» **WHAT YOU WILL DO**
In the listing below, find the line that contains "Whether styled with" and the line that contains "The paint by". Quote both and every line between them, exactly, and nothing more.

» **DATA EXTRACT**
[Start of section]

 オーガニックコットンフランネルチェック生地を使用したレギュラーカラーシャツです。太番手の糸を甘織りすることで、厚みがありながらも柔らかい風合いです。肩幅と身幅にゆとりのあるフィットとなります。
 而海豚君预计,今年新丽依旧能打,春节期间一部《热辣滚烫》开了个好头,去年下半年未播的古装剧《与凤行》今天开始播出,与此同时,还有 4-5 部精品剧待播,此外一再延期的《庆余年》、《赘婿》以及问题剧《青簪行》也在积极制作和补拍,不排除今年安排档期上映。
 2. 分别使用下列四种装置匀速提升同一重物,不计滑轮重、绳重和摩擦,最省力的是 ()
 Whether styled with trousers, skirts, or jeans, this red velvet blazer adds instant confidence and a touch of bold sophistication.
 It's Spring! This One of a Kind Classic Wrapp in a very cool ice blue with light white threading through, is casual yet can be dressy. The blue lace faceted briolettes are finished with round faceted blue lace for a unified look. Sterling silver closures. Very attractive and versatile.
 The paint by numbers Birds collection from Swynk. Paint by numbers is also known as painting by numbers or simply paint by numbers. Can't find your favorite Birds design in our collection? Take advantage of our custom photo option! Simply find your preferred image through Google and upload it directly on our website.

[End of section]
[Start of section]

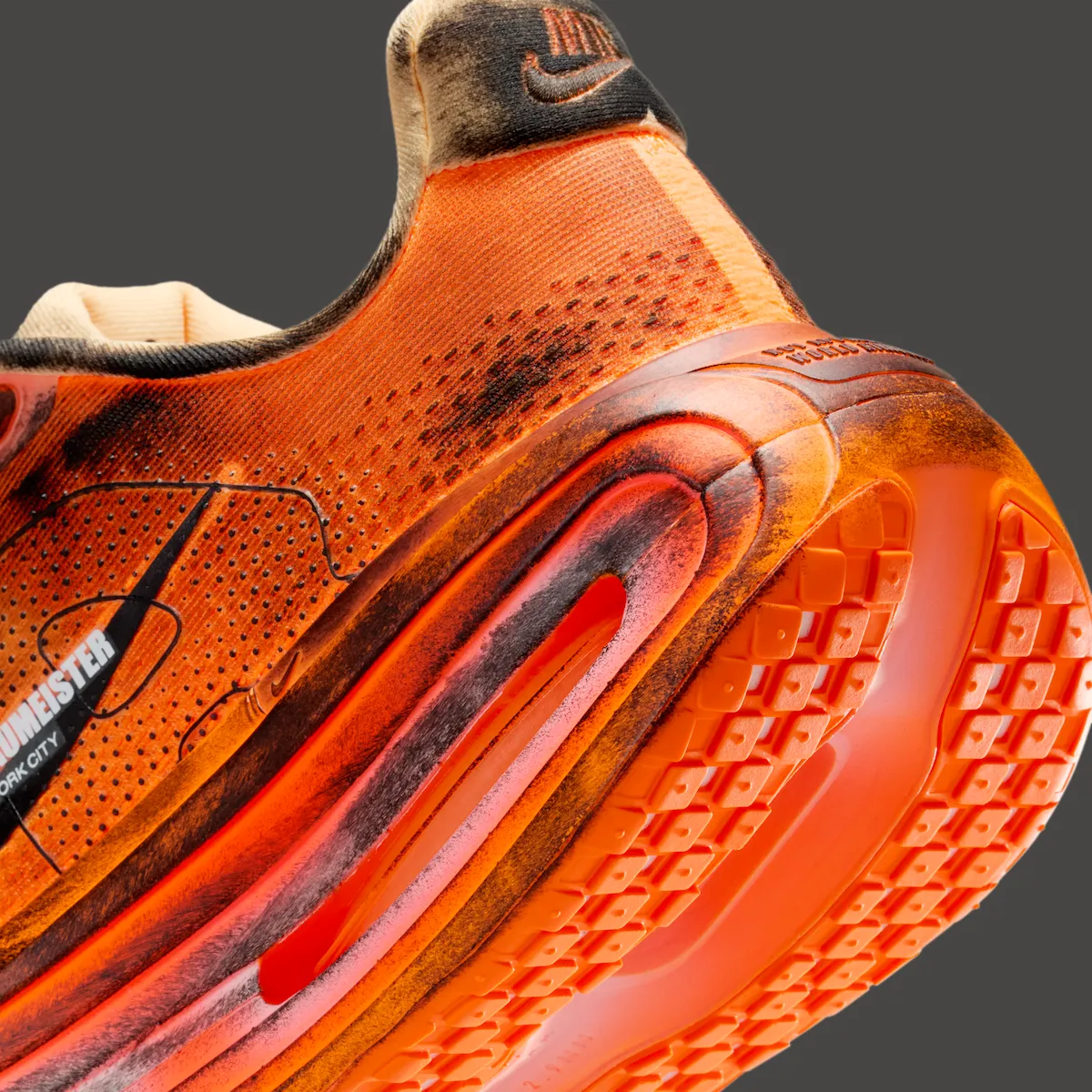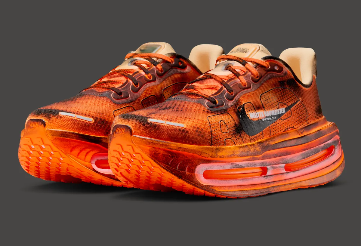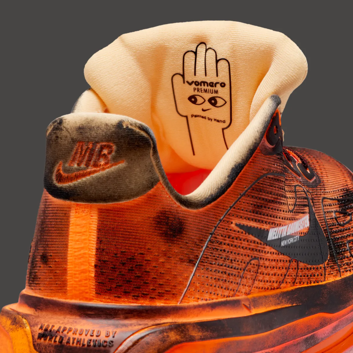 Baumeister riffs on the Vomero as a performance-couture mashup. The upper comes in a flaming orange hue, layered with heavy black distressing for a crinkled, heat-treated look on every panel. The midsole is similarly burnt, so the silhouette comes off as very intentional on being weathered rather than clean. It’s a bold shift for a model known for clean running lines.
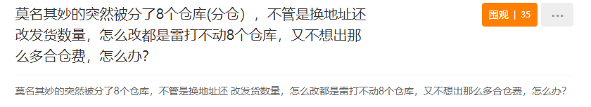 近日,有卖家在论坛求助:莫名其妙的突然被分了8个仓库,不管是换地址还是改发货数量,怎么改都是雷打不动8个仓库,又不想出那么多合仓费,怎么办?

[End of section]

» **PROBLEM SOLUTION**
 Whether styled with trousers, skirts, or jeans, this red velvet blazer adds instant confidence and a touch of bold sophistication.
 It's Spring! This One of a Kind Classic Wrapp in a very cool ice blue with light white threading through, is casual yet can be dressy. The blue lace faceted briolettes are finished with round faceted blue lace for a unified look. Sterling silver closures. Very attractive and versatile.
 The paint by numbers Birds collection from Swynk. Paint by numbers is also known as painting by numbers or simply paint by numbers. Can't find your favorite Birds design in our collection? Take advantage of our custom photo option! Simply find your preferred image through Google and upload it directly on our website.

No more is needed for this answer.